- We re-affirm our BUY recommendation on Bursa Malaysia with an unchanged fair value of RM9.80/share following the release of its FY13 results. Our fair value is based on an unchanged FY14F PE target of 26x.
- Bursa’s upward earnings trajectory was reaffirmed as it wrapped up the year with an FY13 net profit of RM173mil. This represents a YoY increase of 15% and is the highest that Bursa has recorded in the past 5 years. The results were in line with both our and market estimates.
- Management had also proposed a final single tier dividend of 16 sen/share, bringing total gross dividends declared for FY13 to 52 sen/share (including a special 20 sen). Excluding the special, its payout ratio would be 98% with yields at 4%.

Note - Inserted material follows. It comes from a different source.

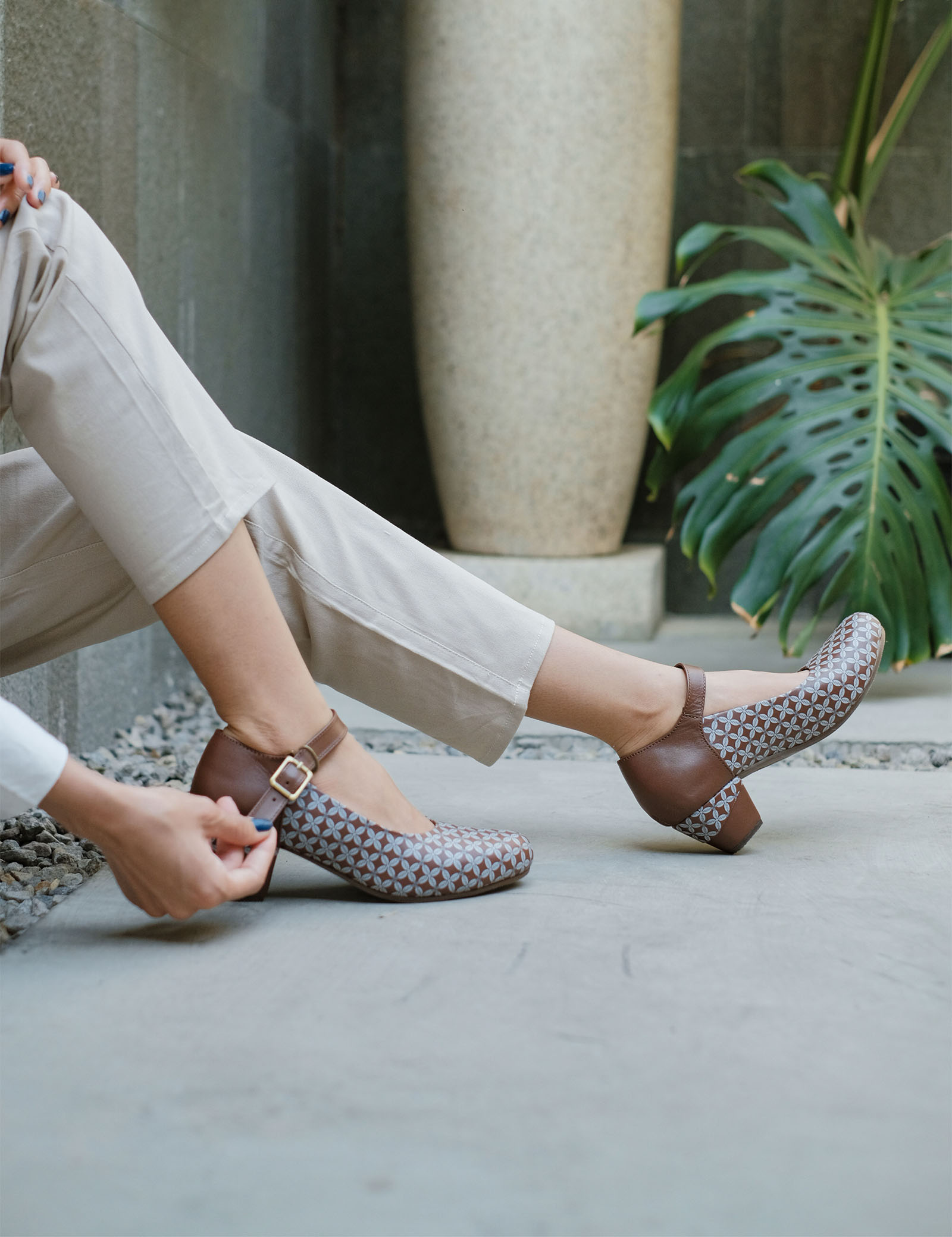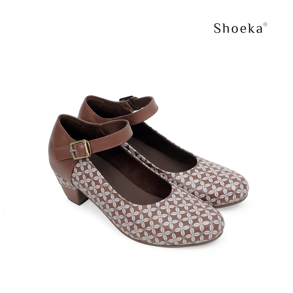 Sepatu Mary Jane Heels 5cm - Kawung Cognac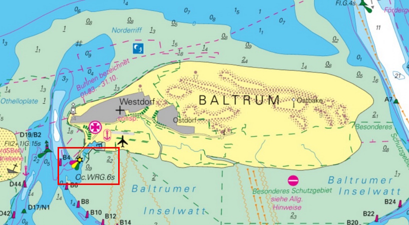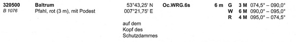 Das Hafeneinfahrtsfeuer (Lfv 320500; INT B1076) des Hafens Baltrum ist ausgefallen

- The group’s FY13 earnings growth was underpinned by healthy operating revenue of RM440mil (+13% YoY). This was led by a 19% increase in trading revenue. Its stable revenue was also higher, growing 4% YoY.
- Average daily traded value (ADTV) was up 28% YoY, from RM1.7bil in FY12 to RM2.1bil in FY13. However, the corresponding securities trading revenue only rose by 22%. This can be explained by a skew in 4QFY13 ADTV that included an RM34bil DBT transaction that earned a minimal fee.
- In tandem with the market’s bull run last year, Bursa recorded higher YoY trading participation from domestic institutions (+25%) and foreign investors (+23%). Retail investors also partook in the rally, resulting in a 17% growth in participation. The vibrancy was reflected in a 2ppts improvement in market velocity to 30%.
- While recent press reports have touted 2014 as another significant year for domestic IPOs (15 listings in pipeline with at least RM20bil to be raised), management was less optimistic; stating that funds raised from IPOs could return to the 5-year average of RM14bil. In FY13, 18 new companies were brought to market, raising RM8.2bil.
- We remain positive on Bursa’s derivatives division, which continues to thrive. Average daily contracts traded (ADC) jumped by 10% YoY to 43,490 contracts in FY13 as it registered a greater number of foreign trades from its outreach to High Frequency Traders.
- The better performance in FY13 was also aided by management’s prudence, which resulted in a slower growth in operating expenses of 10% compared to its revenue. The bulk of the increase can be attributed to higher technology (+16%) and staff costs (+18%) as Bursa looks to enhance its core systems and attract talent.